The Academy of Motion Picture Arts and Sciences announced on Friday, May 1, 2026 that AI-generated actors and screenplays will not be eligible for Oscars, formalising one of the entertainment industry's clearest lines yet against generative AI in creative work. The decision applies to the acting and writing categories and arrives as Hollywood debates a wave of synthetic performers and AI-authored scripts.
What the new rules say
Under the updated eligibility language, acting nominations are limited to roles "credited in the film's legal billing and demonstrably performed by humans with their consent." Screenplays "must be human-authored to be eligible." The Academy added that it "reserves the right to request more information about the nature of the use and human authorship" of any submitted film, signalling that producers may need to document how generative tools were used during production.
Reporting from TechCrunch, Gizmodo and TheWrap describes the language as the strongest stance the Academy has taken on AI to date.
What is still allowed
The Academy has not extended the prohibition into technical categories.
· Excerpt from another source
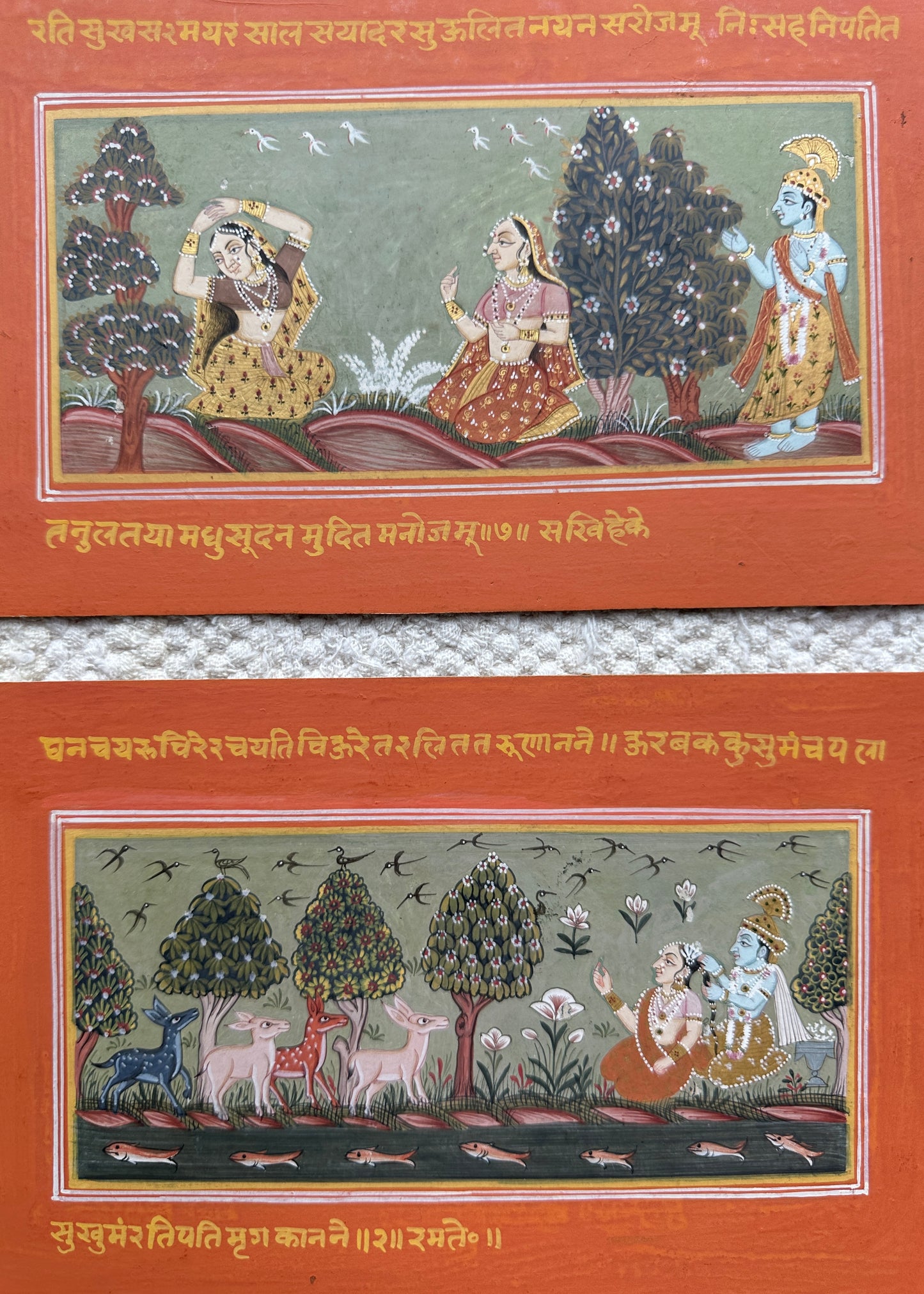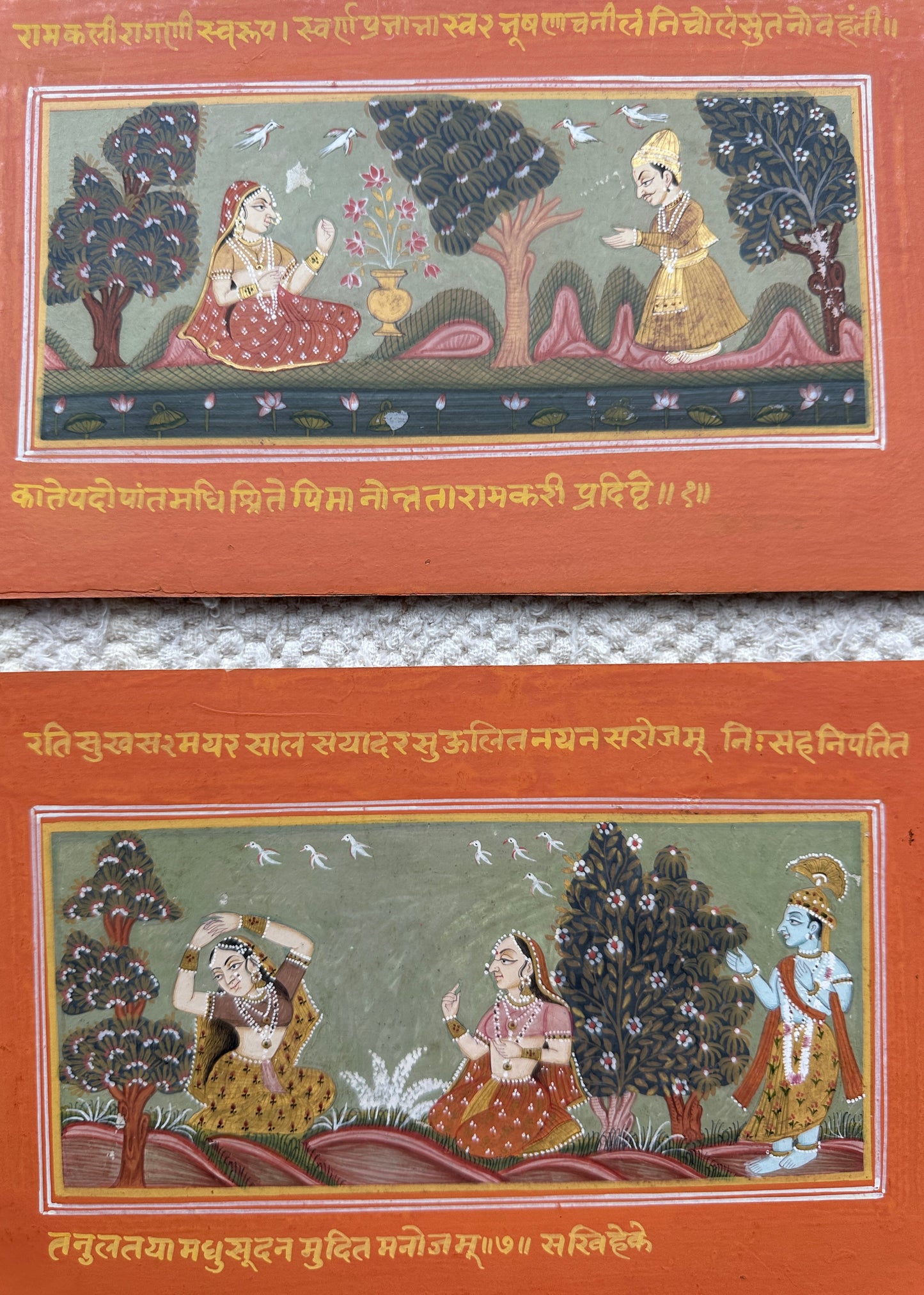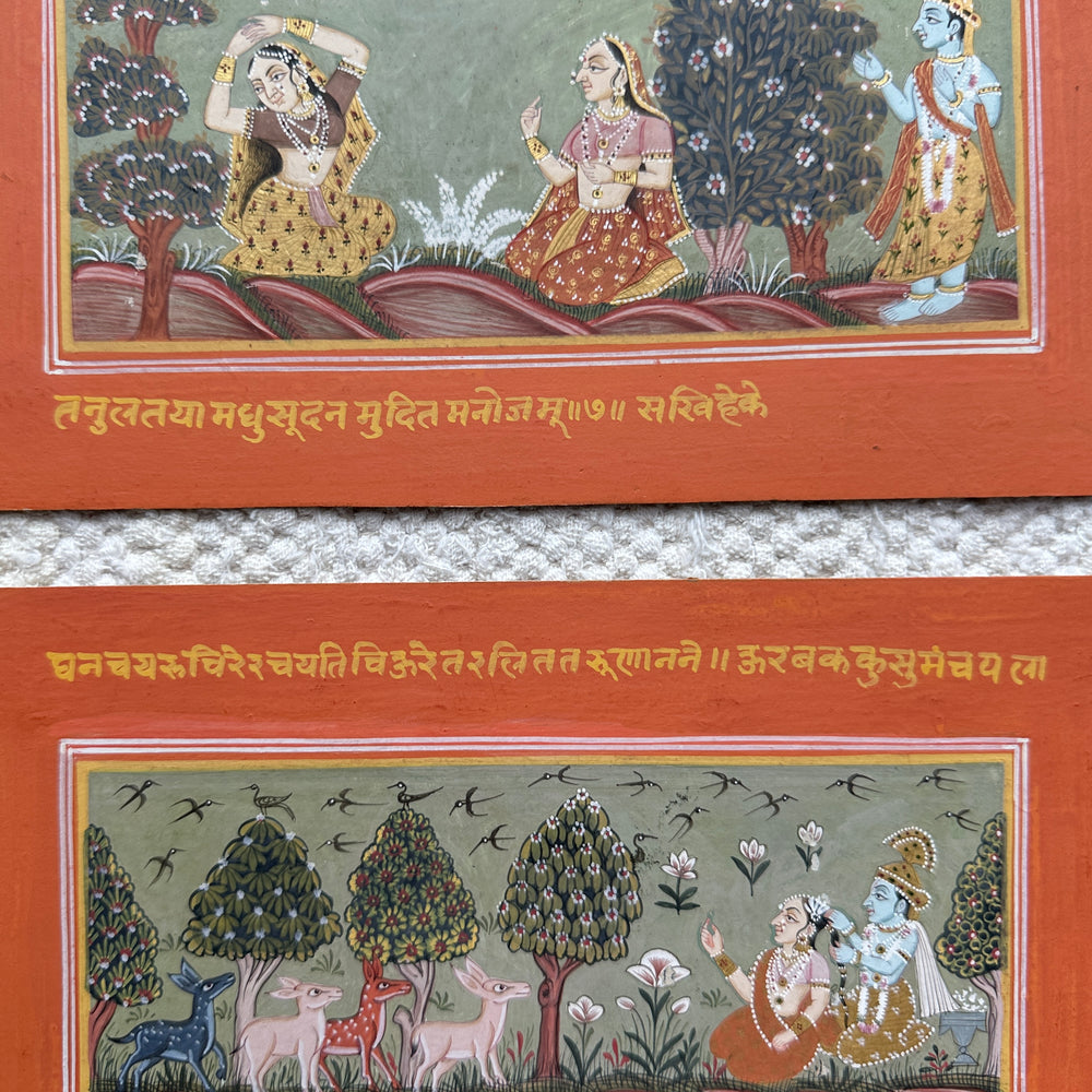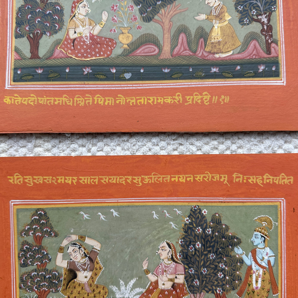A set of three paintings depicting Krishna and Radha with friends in a garden, beautifully executed in the Basohli School of Art.

Generative AI tools used in visual effects, costume design, sound and music remain permitted, and films that lean heavily on AI in those areas can still compete in their respective craft categories. Productions are also free to use AI in non-eligible ways; the rule only governs which performances and scripts can be considered for awards.
Context behind the move
The ruling follows a series of high-profile flashpoints. Reports cite the rise of synthetic performer Tilly Norwood and an independent project featuring a generative AI recreation of the late Val Kilmer as catalysts for the policy. The 2023 actors' and writers' strikes, which centred in part on AI protections, set the stage for guild- and industry-level pushback on synthetic talent.
The 99th Academy Awards in 2027 will be the first ceremony to operate under the new language.
Implications for the industry
For studios and streamers, the rules create a sharper economic signal: an AI lead performance or AI-written script may still get distributed, but it will not earn the awards-season prestige that drives marketing spend, talent deals and Oscar-bait financing. For AI startups marketing 'synthetic actor' tools to Hollywood, the Academy's stance narrows the high-end use cases. And for working actors and writers, the policy reinforces guild positions that human credit and consent are non-negotiable in awarded work.
What the Academy did not do is equally important. There is no outright ban on AI in films, no Digital Integrity audit body announced in the released language, and no public enforcement mechanism beyond the Academy's stated right to request more information. The pressure now shifts to producers to disclose AI use honestly — and to the Academy to police it.